- Work item -
The output is the line containing "Single Plate | |" plus every later line down to the end of the listing below, copied exactly. No pictures belong in it.

- Recorded data -
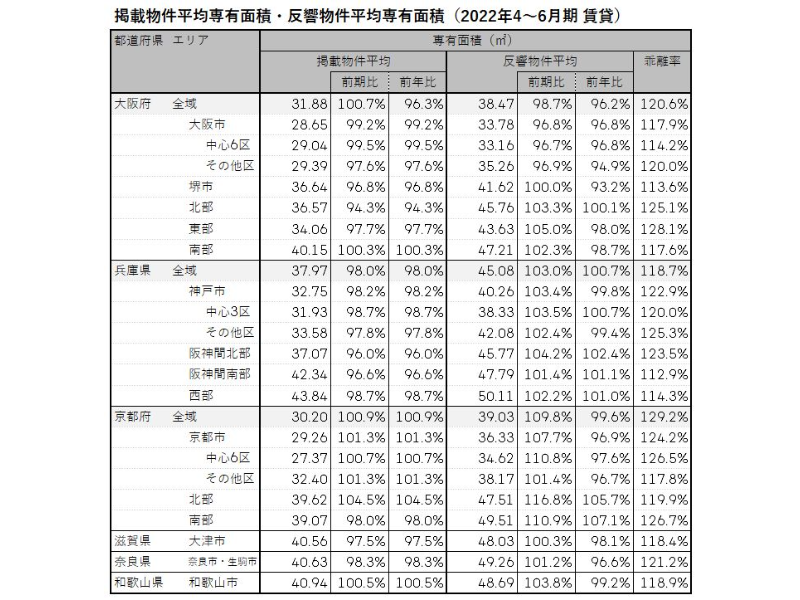 2府1県(大阪府、兵庫県、京都府)の掲載物件平均専有面積は、前期比98%台~100%台と、前の3ヶ月からおおむね横ばいだが、反響物件専有面積は、大阪府で前期比98.7%、兵庫県で同103.0%、京都府で同109.8%と、差が出ている。しかし、いずれも反響物件平均賃料の伸び率よりを上回っており、特に京都府北部では反響平均賃料が前期比103.9%に対し反響平均専有面積は同116.8%でその差は12.9ポイント、京都府南部では反響平均賃料が前期比103.3%に対し反響平均専有面積は同110.9%でその差は7.6ポイントと、賃料を抑えながらも、より広い専有面積の物件を求める傾向が強くなっている可能性がある。
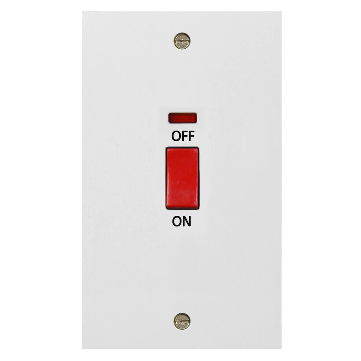 | 143 | Molded White Square Profile 45A D.P. Switch - Single Plate | |
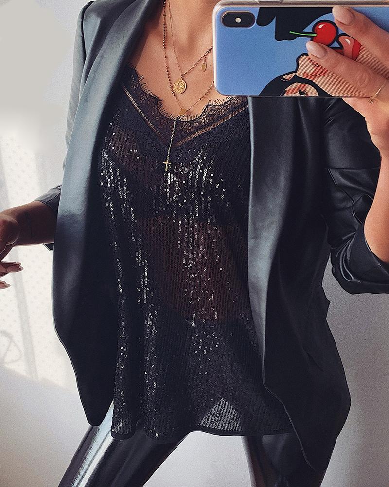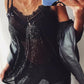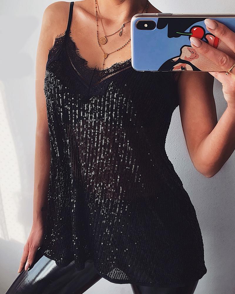 Glitter Spaghetti Strap Eyelash Lace Blouse
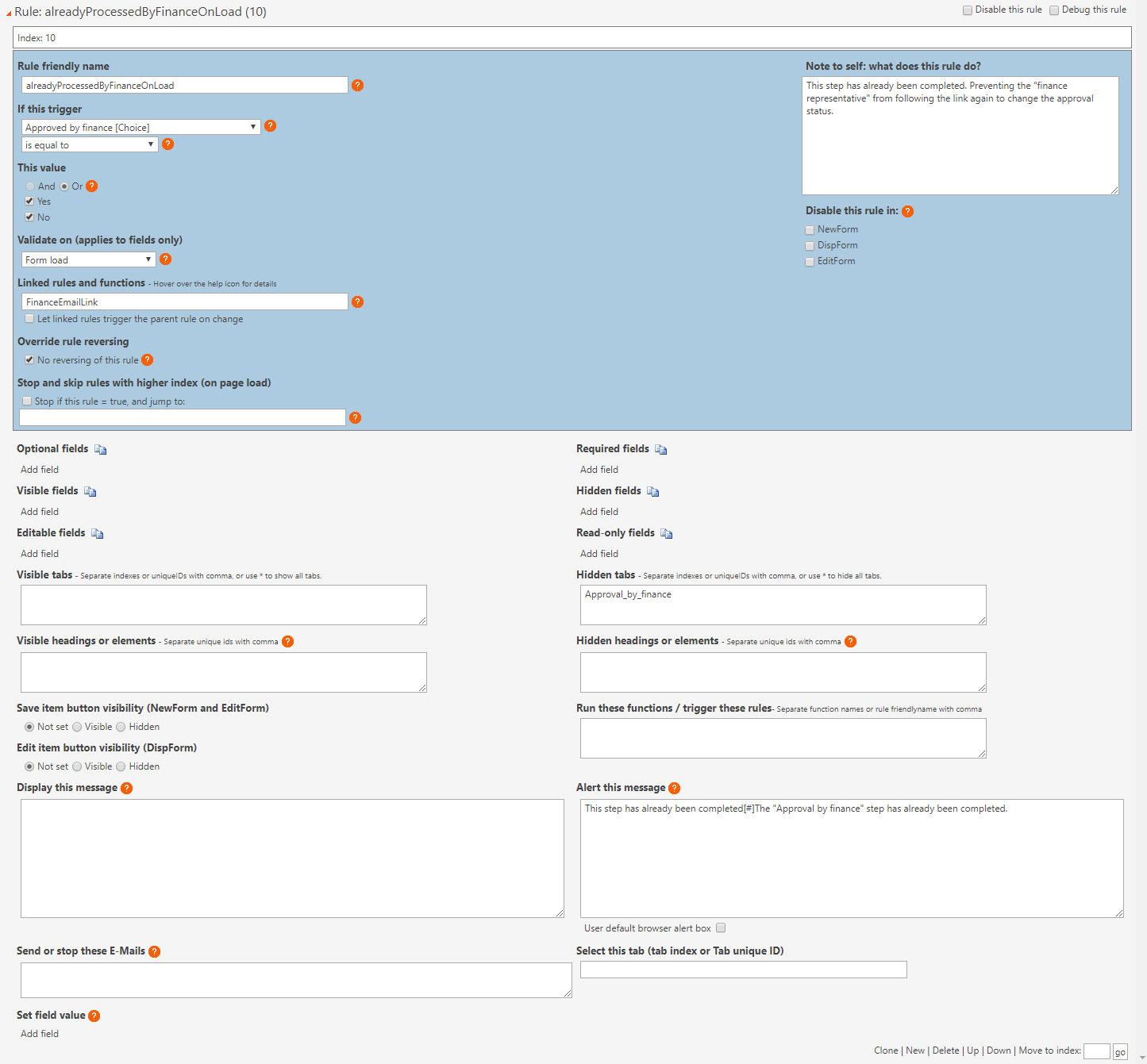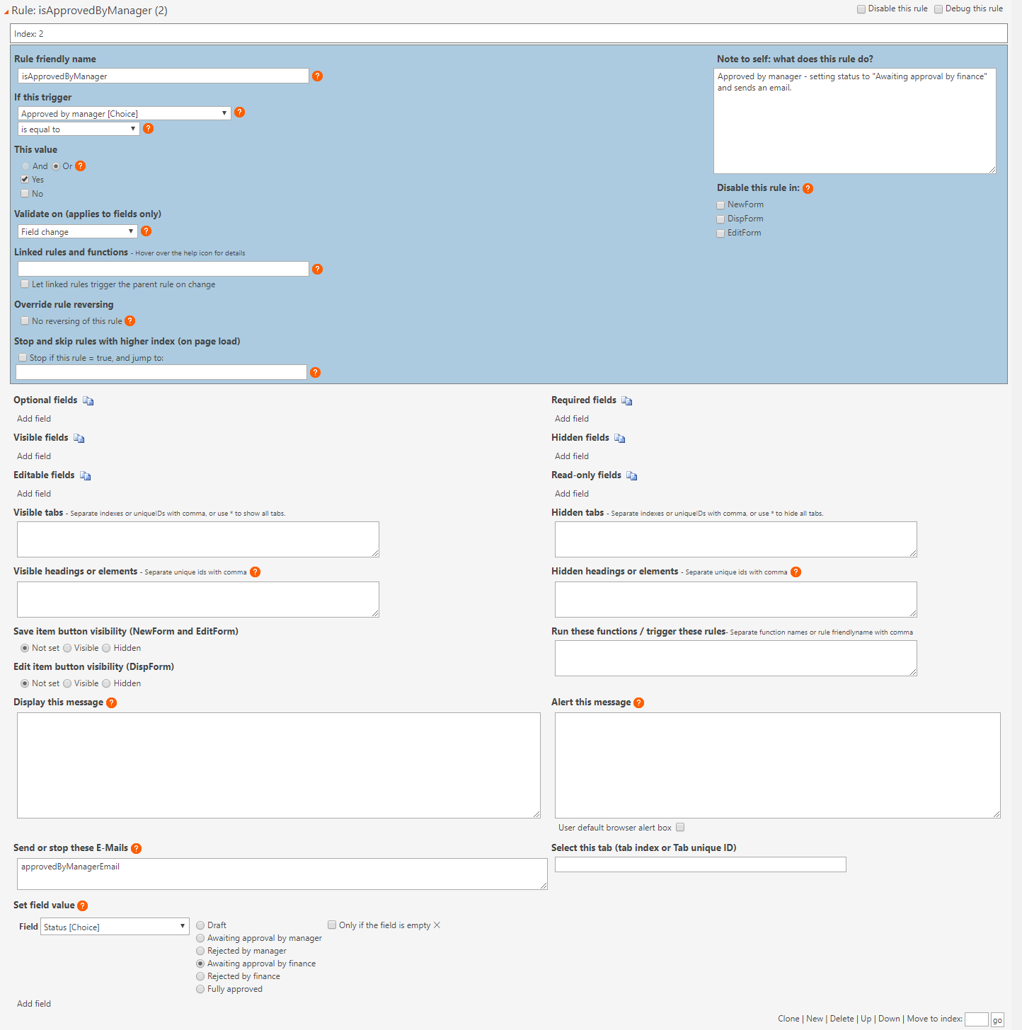 In the tabs Approval_by_manager and Approval_by_finance the rules ManagerEmailLinks respectivily FinanceEmailLink ar not working properly: The Comment field is not marked as required. The rule is correcty implemented for the fields Approved_by_Manager and Approved_by_Finance.

- Output for this exercise -
 | 143 | Molded White Square Profile 45A D.P. Switch - Single Plate | |
 Glitter Spaghetti Strap Eyelash Lace Blouse
 In the tabs Approval_by_manager and Approval_by_finance the rules ManagerEmailLinks respectivily FinanceEmailLink ar not working properly: The Comment field is not marked as required. The rule is correcty implemented for the fields Approved_by_Manager and Approved_by_Finance.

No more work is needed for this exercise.